Résumé de la décision
Dans cette affaire, Piercourt a souscrit, en tant que donneur d'aval, deux lettres de change émises par la société Migraine sur l'entreprise Deloffre, sans mentionner le nom du débiteur cambiaire qu'il garantissait. Les effets n'ayant pas été payés à l'échéance, la société Migraine a protesté et a tenté d'exercer une action cambiaire contre Piercourt. La Cour d'appel a admis la preuve que Piercourt avait voulu garantir le tiré, malgré l'absence de mention du débiteur dans l'aval. La Cour de cassation a annulé cette décision, affirmant que la Cour d'appel avait violé l'article 130, alinéa 6 du Code de commerce.
Arguments pertinents
1. Nature de l'aval : L'article 130, alinéa 6 du Code de commerce stipule que "l'aval doit indiquer pour le compte de qui il est donné". Cette exigence n'est pas simplement une règle de preuve, mais impose une obligation de précision quant à l'identité du garanti. En l'absence de cette mention, l'aval est réputé donné pour le tireur.
2. Limitation des droits du donneur d'aval : La disposition finale de l'article 130 limite les engagements du donneur d'aval à la garantie du tireur. Ainsi, le tireur ne peut pas invoquer une convention de cautionnement contre le donneur d'aval si celui-ci n'a pas précisé le nom du débiteur.
3. Inadmissibilité de la preuve contraire : La Cour d'appel a erronément admis que la société Migraine pouvait prouver que Piercourt avait voulu garantir le tiré, en se fondant sur une présomption qui n'est pas irréfragable. La Cour de cassation a souligné que cette présomption, selon l'article 130, ne peut être écartée au profit d'une preuve contraire.
Interprétations et citations légales
1. Article 130, alinéa 6 du Code de commerce : Cet article impose une obligation claire concernant la mention d'aval. La Cour de cassation a précisé que "sa disposition finale limite en conséquence, à l'égard de tous, celui du donneur d'aval à la garantie du tireur", ce qui souligne l'importance de la précision dans les engagements cambiaires.

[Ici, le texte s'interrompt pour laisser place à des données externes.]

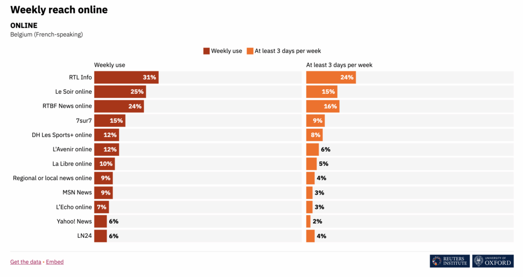 En ligne, le site d’information de RTL Belgium reste le plus plébiscité par les Belges francophones. Il a même repris 2 points de pourcentage en usage hebdomadaire, à 31%.
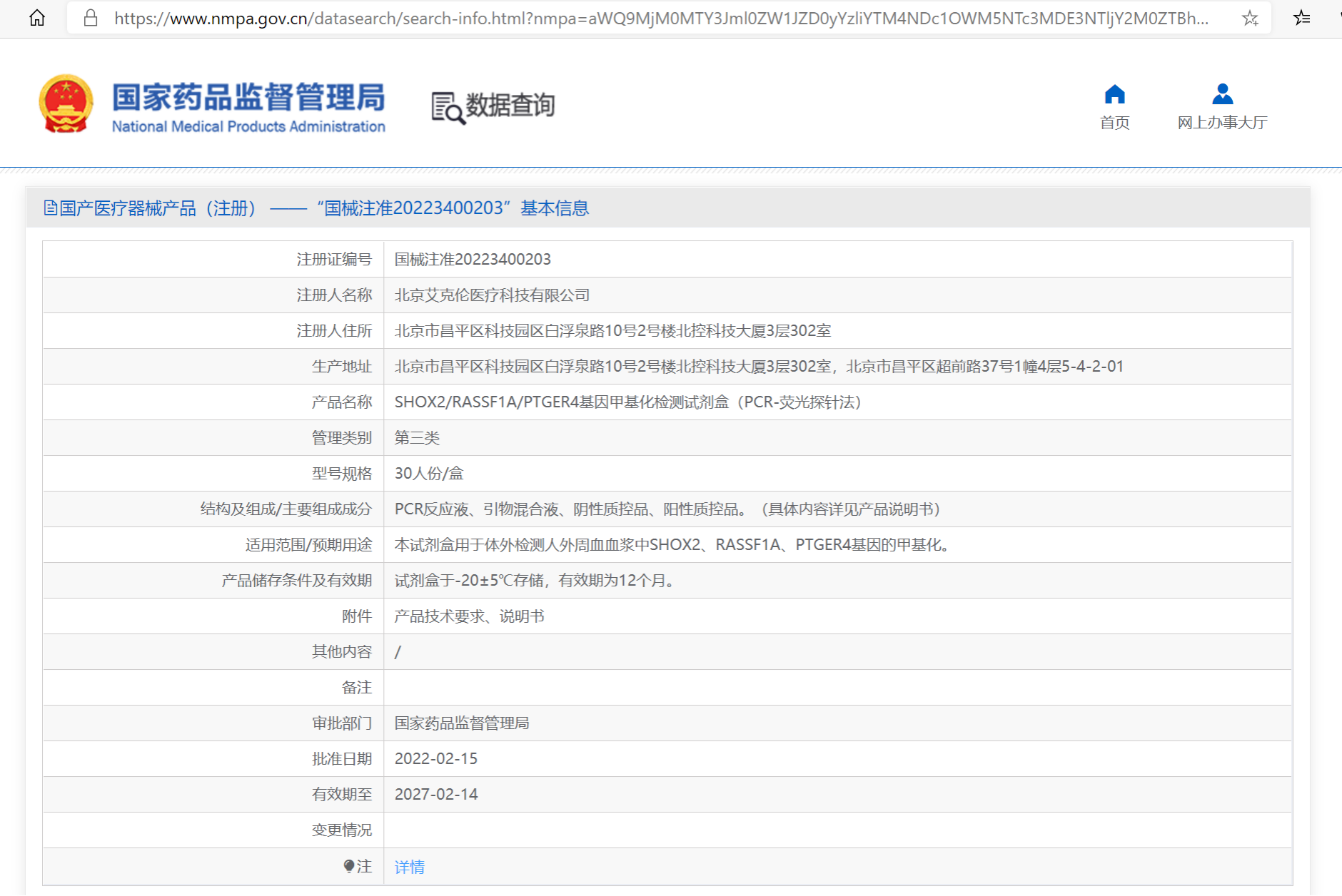 2022年2月25日, 国家药品监督管理局(NMPA)批准北京艾克伦医疗科技有限公司基于血浆的“SHOX2/RASSF1A/PTGER4基因甲基化检测试剂盒(PCR荧光探针法)”III类医疗器械产品艾肺明上市【4】。这是全球首款肺癌三基因甲基化检测产品,此次批准也证实了基于血浆ctDNA甲基化的检测在肿瘤早筛领域得到了认可,具有重大的研究前景。
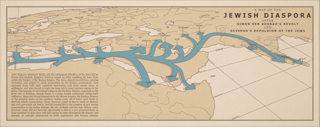 Imagined Trauma of c. 130 AD Jewish Diaspora from Severus’ Expulsion of the Jews from the Roman Empire/ Radioactive_Bee/r/imaginarymaps

2. Article 1352 du Code civil : La Cour d'appel a fondé son raisonnement sur la possibilité d'écarter la présomption établie par l'article 130, en invoquant l'article 1352 du Code civil. Cependant, la Cour de cassation a rejeté cette interprétation, affirmant que la présomption posée par l'article 130 n'est pas susceptible d'être contredite par une preuve contraire dans le cadre de l'aval.
3. Articles 2011 et suivants du Code civil : La Cour a également rappelé que, même si le tireur peut conserver une action sur le fondement de ces articles, cela ne modifie pas la portée de l'aval tel que défini par l'article 130, alinéa 6.
En conclusion, la décision de la Cour de cassation met en lumière l'importance de la précision dans les engagements cambiaires et l'impossibilité d'écarter la présomption établie par la loi sans mention explicite dans l'aval.